Derivative of f(x) Vanishing Between a & b for Positive Integer m & n

[tachyon_man]

Question: Show that the derivative of f(x) = (x-a)m (x-b)n vanishes at some point between a and b if m and n are positive integers.
My attempt:
f(x) = (x-a)^m (x-b)ⁿ
f '(x) = m(x-a)^m-1 (x-b)ⁿ + n(x-a)^m (x-b)^n-1
f '(x) = [(x-a)^n-1 (x-b)^n-1 ] [(m)(x-b) +(n)(x-a)]
And this is as far as I got.

 

[anubhab92]

easily can be shown by rolle's theorem

 

[tachyon_man]

We can't use that yet :(

 

[alan2]

You have the expression for the derivative. Set it equal to zero and you will find one value of x for which the derivative is always zero, namely x=(mb+na)/(m+n). You then have to show that it is always between a and b if m and n are positive integers. Actually, m and n can be any reals greater than or equal to 1.

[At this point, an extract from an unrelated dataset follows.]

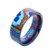 Men's Damascus 7mm Matte Black Plated Band Ring. Available sizes: 9 and 13 Damascus Steel is the result of banding and mottling 2 types of steel into distinctive patterns reminiscent of flowing water. This process not only gives its unique look but also gives resistance and strength. INOX's Damascus Steel technique includes an updated through our signature color coating processes to create modern jewelry that stands as symbols of strength and luxury for men.

Why can't you use Rolle's theorem if you understand it?

 

[HallsofIvy]

Since this question has nothing to do with "Differential Equations", I am moving it to Calculus and Beyond Homework.

 

[HallsofIvy]

Question: Show that the derivative of f(x) = (x-a)m (x-b)n vanishes at some point between a and b if m and n are positive integers.
My attempt:
f(x) = (x-a)^m (x-b)ⁿ
f '(x) = m(x-a)^m-1 (x-b)ⁿ + n(x-a)^m (x-b)^n-1
f '(x) = [(x-a)^n-1 (x-b)^n-1 ] [(m)(x-b) +(n)(x-a)]
And this is as far as I got.

Set that equal to 0 and solve for x:
[(x-a)^n-1 (x-b)^n-1 ] [(m)(x-b) +(n)(x-a)]= 0
Since we are looking at x between a and b, x- a and x- b are not 0 so we can divide by them. That leaves m(x- b)+ n(x- a)= mx- mb+ nx- na= (m-n)x- mb-na= 0. Solve that for x and show that it lies between a and b.

 

[tachyon_man]

Thanks guys! I ended up using Rolles theorem. I'm still waiting to see if he accepts it as a valid approach.